*** Data shown ***

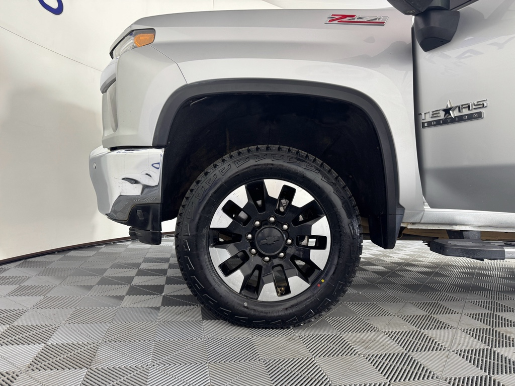 Convenience Package Convenience Package II Leather Package: Up-Level Rear Seat with Storage Package Z71 Off-Road and Protection Package: Black Chevytec Spray-On Bedliner with Chevrolet Logo; 1st and 2nd Row All-Weather Floor Liners Z71 Off-Road Package: Hill Descent Control; Off-Road Suspension; Skid Plates Safety Package: Ultrasonic Front and Rear Park Assist; Rear Cross Traffic Alert; Lane Change Alert with Side Blind Zone Alert Texas Edition Preferred Equipment Group 1LT: Rear Vision Camera; Rear 60/40 Folding Bench Seat (folds Up); Bluetooth For Phone; 2 USB Ports (1st Row); Heated Vertical Trailering Mirrors; 170 Amp Alternator; 4.2" Diagonal Color Display Driver Information Center; Urethane Steering Wheel; Steering Wheel Audio Controls; Chevrolet Connected Access Capable; Color-Keyed Carpeting Floor Covering; OnStar and Chevrolet Connected Services Capable; Power Front Windows with Passenger Express Down; Remote Keyless Entry; Front Rubberized Vinyl Floor Mats; Black Mirror Caps; Rear Rubberized Vinyl Floor Mats; 4-Way Manual Driver Seat Adjuster; 2-Speed Electronic Shift Transfer Case; Deep-Tinted Glass; Electronic Cruise Control with Set and Resume Speed; Power Rear Windows with Express Down; Integrated Trailer Brake Controller; Manual Tilt-Wheel Steering Column; Chrome Front Grille; Power Front Windows with Driver Express Up/down; Manual Tailgate Function with EZ Lift; Compass; 4G LTE Wi-Fi Hotspot Capable; Locking Tailgate; Power Door Locks Gooseneck/5th Wheel Package: Gooseneck/5th Wheel Prep Package; Black Chevytec Spray-On Bedliner with Chevrolet Logo 20" Machined Aluminum Wheels with Black Painted Accents 6" Rectangular Chromed Tubular Assist Steps Black Chevytec Spray-On Bedliner with Chevrolet Logo Heated and Auto-Dimming Vertical Trailering Mirrors Front Bucket Seats with Center Console 10-Way Power Driver Seat Adjuster with Lumbar Front LED Fog Lamps Bed View Camera Electric Rear-Window Defogger 120-Volt Instrument Panel Power Outlet LT275/65R20 AT BW Tires Skid Plates LED Cargo Area Lighting Manual Tailgate Function with EZ Lift LED Smoked Amber Roof Marker Lamps **Equipment listed is based on original vehicle build and subject to change. Please confirm the accuracy of the included equipment by calling the dealer prior to purchase.**
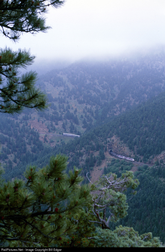 Fog begins to lift as the California Zephyr makes a steady climb threading through the numerous tunnels of the Front Range of the Rocky Mountains after leaving Denver.
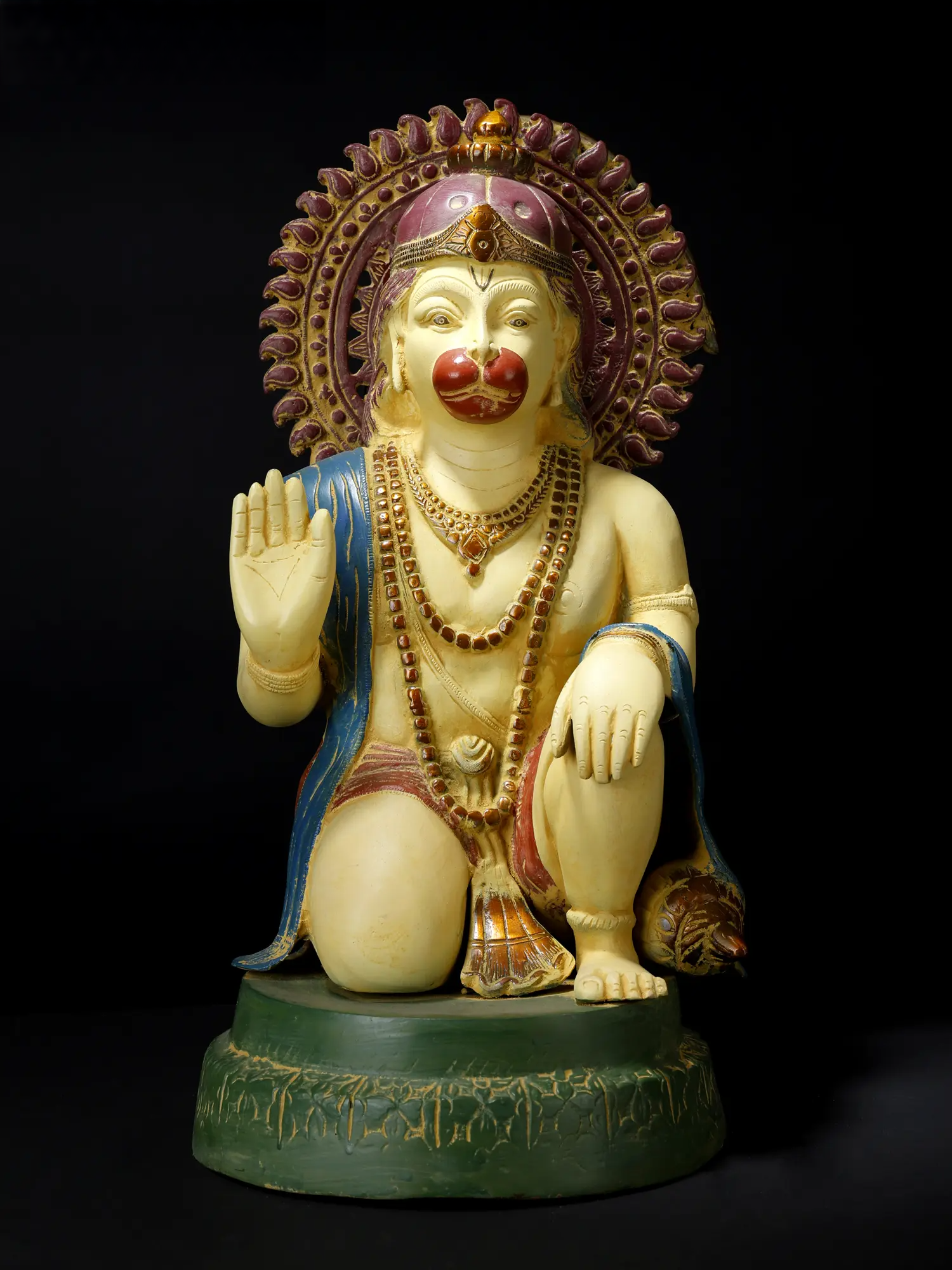 दिव्य सुरक्षा और शक्ति का प्रतीक। पंचमुखी हनुमान की यह राजसी प्रतिमा साहस, भक्ति और आध्यात्मिक शक्ति का प्रतीक पाँच पवित्र चेहरों को प्रदर्शित करती है। विस्तृत अलंकरण और जीवंत पत्थरों की जड़ाई के काम से निर्मित, यह मूर्ति असाधारण कलात्मकता को दर्शाती है और घर के मंदिरों और पवित्र स्थानों में एक प्रभावशाली उपस्थिति बनाती है।
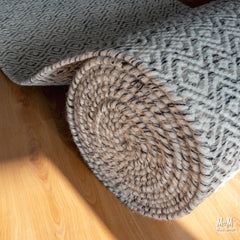 Durable flatweave rug made from 100% wool, using natural and dyed yarn to create a small repeating pattern. Ideal for high traffic areas and family living. Fully reversable for a inverted version of the pattern.
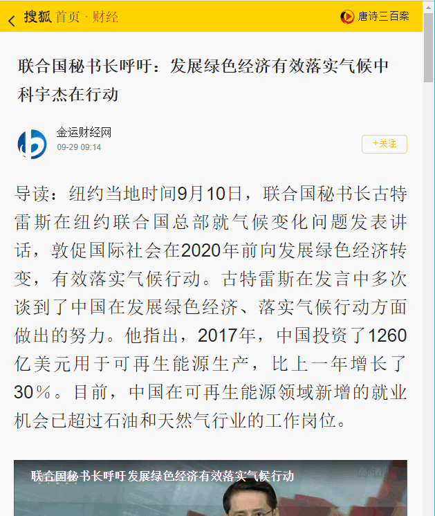 導讀:紐約當地時間9月10日,聯合國秘書長古特雷斯在紐約聯合國總部就氣候變化問題發表講話,敦促國際社會在2020年前向發展綠色經濟轉變,有效落實氣候行動。古特雷斯在發言中多次談到了中國在發展綠色經濟、落實氣候行動方面做出的努力。他指出,2017年,中國投資了1260億美元用于可再生能源生產,比上一年增長了30%。目前,中國在可再生能源領域新增的就業機會已超過石油和天然氣行業的工作崗位。

*** End of Data shown ***

Give a verbatim transcription of the entries, leaving out the pictures.

 Convenience Package Convenience Package II Leather Package: Up-Level Rear Seat with Storage Package Z71 Off-Road and Protection Package: Black Chevytec Spray-On Bedliner with Chevrolet Logo; 1st and 2nd Row All-Weather Floor Liners Z71 Off-Road Package: Hill Descent Control; Off-Road Suspension; Skid Plates Safety Package: Ultrasonic Front and Rear Park Assist; Rear Cross Traffic Alert; Lane Change Alert with Side Blind Zone Alert Texas Edition Preferred Equipment Group 1LT: Rear Vision Camera; Rear 60/40 Folding Bench Seat (folds Up); Bluetooth For Phone; 2 USB Ports (1st Row); Heated Vertical Trailering Mirrors; 170 Amp Alternator; 4.2" Diagonal Color Display Driver Information Center; Urethane Steering Wheel; Steering Wheel Audio Controls; Chevrolet Connected Access Capable; Color-Keyed Carpeting Floor Covering; OnStar and Chevrolet Connected Services Capable; Power Front Windows with Passenger Express Down; Remote Keyless Entry; Front Rubberized Vinyl Floor Mats; Black Mirror Caps; Rear Rubberized Vinyl Floor Mats; 4-Way Manual Driver Seat Adjuster; 2-Speed Electronic Shift Transfer Case; Deep-Tinted Glass; Electronic Cruise Control with Set and Resume Speed; Power Rear Windows with Express Down; Integrated Trailer Brake Controller; Manual Tilt-Wheel Steering Column; Chrome Front Grille; Power Front Windows with Driver Express Up/down; Manual Tailgate Function with EZ Lift; Compass; 4G LTE Wi-Fi Hotspot Capable; Locking Tailgate; Power Door Locks Gooseneck/5th Wheel Package: Gooseneck/5th Wheel Prep Package; Black Chevytec Spray-On Bedliner with Chevrolet Logo 20" Machined Aluminum Wheels with Black Painted Accents 6" Rectangular Chromed Tubular Assist Steps Black Chevytec Spray-On Bedliner with Chevrolet Logo Heated and Auto-Dimming Vertical Trailering Mirrors Front Bucket Seats with Center Console 10-Way Power Driver Seat Adjuster with Lumbar Front LED Fog Lamps Bed View Camera Electric Rear-Window Defogger 120-Volt Instrument Panel Power Outlet LT275/65R20 AT BW Tires Skid Plates LED Cargo Area Lighting Manual Tailgate Function with EZ Lift LED Smoked Amber Roof Marker Lamps **Equipment listed is based on original vehicle build and subject to change. Please confirm the accuracy of the included equipment by calling the dealer prior to purchase.**
 Fog begins to lift as the California Zephyr makes a steady climb threading through the numerous tunnels of the Front Range of the Rocky Mountains after leaving Denver.
 दिव्य सुरक्षा और शक्ति का प्रतीक। पंचमुखी हनुमान की यह राजसी प्रतिमा साहस, भक्ति और आध्यात्मिक शक्ति का प्रतीक पाँच पवित्र चेहरों को प्रदर्शित करती है। विस्तृत अलंकरण और जीवंत पत्थरों की जड़ाई के काम से निर्मित, यह मूर्ति असाधारण कलात्मकता को दर्शाती है और घर के मंदिरों और पवित्र स्थानों में एक प्रभावशाली उपस्थिति बनाती है।
 Durable flatweave rug made from 100% wool, using natural and dyed yarn to create a small repeating pattern. Ideal for high traffic areas and family living. Fully reversable for a inverted version of the pattern.
 導讀:紐約當地時間9月10日,聯合國秘書長古特雷斯在紐約聯合國總部就氣候變化問題發表講話,敦促國際社會在2020年前向發展綠色經濟轉變,有效落實氣候行動。古特雷斯在發言中多次談到了中國在發展綠色經濟、落實氣候行動方面做出的努力。他指出,2017年,中國投資了1260億美元用于可再生能源生產,比上一年增長了30%。目前,中國在可再生能源領域新增的就業機會已超過石油和天然氣行業的工作崗位。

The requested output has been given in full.